No, Really, Bitcoin Is Not "Money": Debunking Yet Another Bitcoin Sermon

Another day and another Bitcoin boost, this one so irritating I've been inspired to negate virtually every line... At this stage, surely the only reason why anyone holding or mining Bitcoin would lure new buyers is to get their own Bitcoins out. Rational justifications don't bear scrutiny, so the boosters' pleas tend to be couched in semi-religious rants that only require you to believe - as an act of faith. But try watching the WeWork documentary without thinking about FTX... That doesn't mean I'm down on distributed ledger technology in general. DLT has its use-cases, but its deployment should be approached like any other tech project, not a cult.

Debunking another Bitcoin sermon

Bitcoin is not "money". At best it might be a means of settling a trade between two parties (A and B), so long as each of them has an absolutely certain way to exchange their Bitcoin immediately with another party (C and D) for the agreed value of their trade in fiat currency. That might be possible in certain institutional scenarios - although even institutions got caught up in FTX - but very risky as a retail payment method, mainly because the price is so volatile. 

Bitcoin does not remove counter-party risk. Ask Celsius or FTX customers. And it's futile to claim it removes counter-party risk between A and B in the above example, when that risk remains between A/C and B/D - not to mention the wider cryptoverse, as still being illustrated by the collapse of FTX

Bitcoin transactions do happen faster than many types of retail and other payment methods which are settled over one or more days, since each block of transactions is completed in 10 minutes. But speed itself does not make Bitcoin appropriate as a retail payment method (as opposed to a potential settlement mechanism, as mentioned above). 

Bitcoin does not have an absolutely "incorruptible history", which could only be judged in hindsight anyway. Even if it initially seemed unlikely that any one miner or group of miners could create a new branch or 'fork', rising energy costs and periodic reductions in rewards have been driving concentration among miners (explained further below).

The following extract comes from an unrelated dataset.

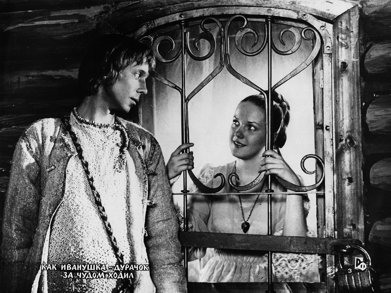 Олег Даль в роли Иванушки-дурачка и Елена Проклова в роли Анастасии Марковны в фильме «Как Иванушка-дурачок за чудом ходил». Реж. Надежда Кошеверова. 1977
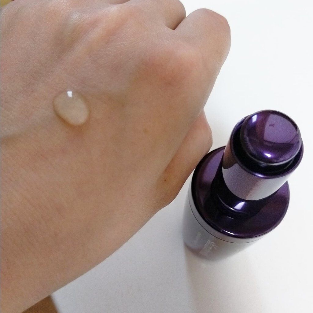 浸透力にこだわり、リポソーム化した、ヒト由来の幹細胞培養エキスを配合! ヒト脂肪細胞順化培養液というのは、健康的なヒトの脂肪から採取した脂肪由来の細胞を培養した培養液なのですが、様々な美容成分が含まれているのだそう。 更に、角質層まで浸透しやすくするために、リポソーム化! 他にもAPPS 浸透型ビタミンC誘導体や、セラミド1,3,6、機能性ペプチドを配合しています。 水のようにサラサラなテクスチャーで、手の甲に1滴落とすと、ツーッと流れてくるほど緩やか。 スポイトが固めで、しっかり取れているか心配になる方もいるかもしれませんが スポイト1吸いでだいたい2cmほど。 手の平に出した時、1円玉大位になります。 べたつきや香りなどもなく、使いやすいですよ。 そして、シマボシのシリーズはボトルが本当にキレイ。 紫のような青のようなカラーに惚れ惚れします。

While the Bitcoin protocol itself may be 'trustless', that's actually a shortcoming or 'externality' that others have struggled - and consistently failed - to solve, at greater and greater cost as the ecosystem has grown. Ironically, therefore, it is kind of true to suggest that Bitcoin "is an impenetrable fortress of validation" (yet) "trusted third parties are security holes". The point is that Bitcoin does not exist in a vacuum. [For some reason I'm reminded of the Lewis Grizzard book: "Don't bend over in the garden, granny, you know them taters got eyes."]

Again, to blame "centralised exchanges and custodians" as "destroying everything that makes Satoshi's invention great in the first place" is effectively conceding that Bitcoin is worthless in any 'currency' other than Bitcoin itself. In other words, for all other practical purposes Bitcoin is worthless without a way of exchanging or holding it; so if exchanges and custodians 'destroy everything great about Bitcoin' then it must be worthless.

It's obvious and goes without saying that Bitcoin "is not a company. It can't go bankrupt. It has no CEO that can be influenced, arrested, or corrupted." This is just gaslighting. The same can be said of the USD. The fact is that the Bitcoin protocol must have a way of interoperating with the rest of the world and that necessarily involves contact with third parties and other forms of value, at which point Bitcoin's supposedly utopian benefits suddenly become externalities that must be addressed before Bitcoin can be useful. Success in negotiating and regulating that real world interface explains the relative strength, lack of volatility and broad acceptance of the USD and other major fiat currencies, compared to Bitcoin.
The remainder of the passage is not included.